Они сидели в пустой караулке, Ласло собирался возвращаться в столицу, Акселя и Копчика пока не спешили отпускать.
- Что за стих герцог прочитал, прежде чем ты его подвесил? - спросил Копчик, всегда тянувшийся к новым знаниям.
- Из французского поэта Виллона, "сейчас веревка на шее узнает, сколько весит этот зад".
- Ты все-таки вывихнул ему плечо, - укоризненно произнес Ласло, - я, конечно, вправил, но тебе, Аксель, это не в плюс. Как он держался? На два или на семь?
- На сколько хочешь, - мрачно отвечал Аксель, - он вообще ничего не подписал, еще и обвинил во всех своих грехах фельдмаршала фон Мюниха, и грамотно так - даром, что на дыбе.
- Физическая подготовка, уголовное прошлое, - перечислил Копчик, - и незаконченное обучение в кенигсбергской Альбертине.
- Сколько ему лет, пятьдесят? Одно я понял - мне тридцать пять, но мне никто не предложит за мою любовь целой империи, и сегодня я наконец увидел, почему, - проговорил Аксель и для наглядности показал руками.
- Я тоже не могу забыть, - вздохнул Копчик, - и, как ты понял, мне обидно вдвойне.
- Завидуете? - ухмыльнулся Ласло, - а по мне, так, средненько. Я иду сегодня вместе с Климтом на детский праздник - у княгининой дочери именины. И гофмаршал, в духе своем, построил для девчонки очередную высоченную ледяную горку.
- Вот злыдень, ребенка-то за что? - испугался Копчик.
- Тем более что две или три княгинины дочки - от этого самого гофмаршала, - дополнил Ласло, - ну вот такая он бестолочь. Так вот, я могу показать крест их общему ювелиру - пусть оценит.
- А если узнает, чей он? - спросил осторожный Копчик.

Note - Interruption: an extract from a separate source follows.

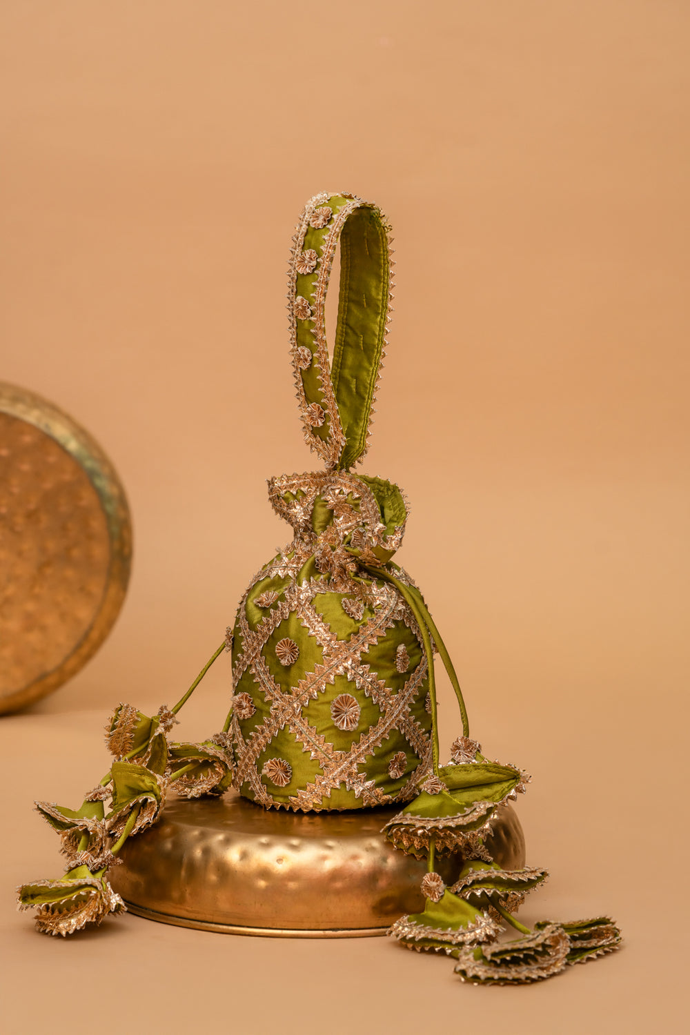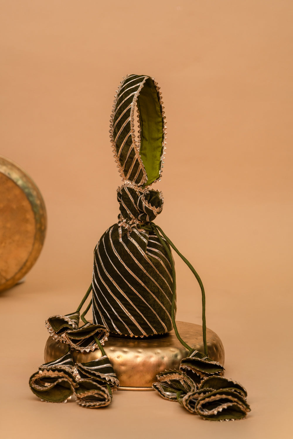 VELVET GREEN GOTA PATTI POTLI BAG

- А какая теперь разница? - отмахнулся Ласло, - Дюк пал, город бурлит, все тащат у него кто что может.
Зря доктор Климт опасался - и горка оказалась не так высока, и никто своей шеи на ней не свернул. Гофмаршал, в белой шубке, не отходил от своей княгини и все подхватывал на руки младшую девочку - втроем смотрелись они совсем очаровательно, хоть пиши семейный портрет. Синеглазая хищная княгиня, с такими же синими глазами бойкая румяная девчонка, набеленный гофмаршал с его бровями и ресницами... На возвышении, среди бенгальских огней, пела самую модную арию упитанная певица - и не боялась на морозе испортить голос, наверное, хорошо ей было заплачено.
Nell"anima c"è una speranza che non muore mai.

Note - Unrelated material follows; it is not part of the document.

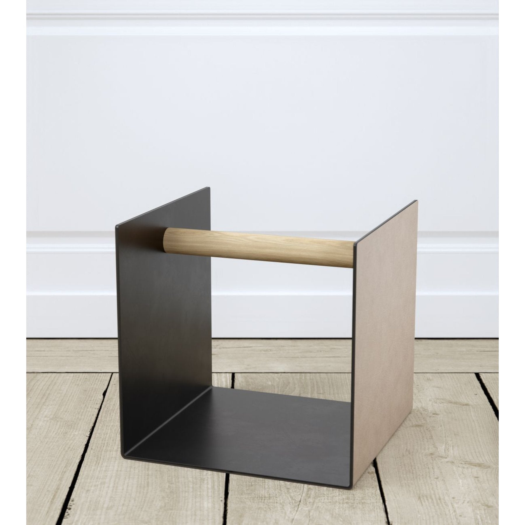 Stahl, recyceltes Leder, Eichenholz

Se la vorrai, dovrai cercare il sole dentro te ed usarne poi la luce per scoprire che,
che sei il domani tu, non scordarlo mai più,
sei grande lo sai, Se fiera sarai tu lo capirai*
(*В душе есть надежда, что никогда не умрет
Найди солнце внутри себя, используй внутренний свет, чтобы понять
Завтра наступит, не забывай
Знаешь, если не терять себя, ты когда-нибудь поймешь)
Доктор Климт слушал-слушал, да и вдруг сказал Ласло:
- Никто сегодня с горки уже не упадет, пойдем, душа моя, в карты сыграем.
- Куда пойдем? - спросил Ласло.
- Ко мне, в соседний дом.
Два доктора прошли по заснеженному саду, удаляясь от сладостных фиоритур певицы:
E" la luce nel tuo soul che ti guiderà
perché sei il domani Tu, non scordarlo mai più
sei grande lo sai Se fiera sarai tu lo capirai...*
(*Свет твоей души поможет тебе
Понять, что наступит завтра,
Не теряй себя - и поймешь...)
Климт отворил невысокую калитку среди сугробов:
- Вот мы и дома.
Перед ними был задний двор гофмаршальского дома.
- Я вижу, не грустит твой хозяин, что друга его этой ночью повязали, - сказал Ласло, - напротив, праздники празднует. Я думал, он хоть поплачет по герцогу.
- Он не умеет плакать, - отвечал Климт, - У него от этого краска размазывается, - они поднялись на второй этаж, потом на третий, - Вот и мое гнездо.
Климт обитал на антресолях, с низеньким потолком, под самой крышей.
- А кто в других комнатках - актерки? - полюбопытствовал Ласло.
- И они тоже. И дворецкий, - ответил Климт, - Скажи, герцогу здорово досталось?
- Я бы не сказал - до казни заживет. Будет иметь товарный вид в гробу.
Климт поморщился, раздал карты. В окошке мансарды сгустились сумерки, загорелись две неяркие звезды.
- Ты злишься, что я так говорю про герцога? - спросил Ласло, оценив недовольную физиономию Климта, - Тебе жаль его?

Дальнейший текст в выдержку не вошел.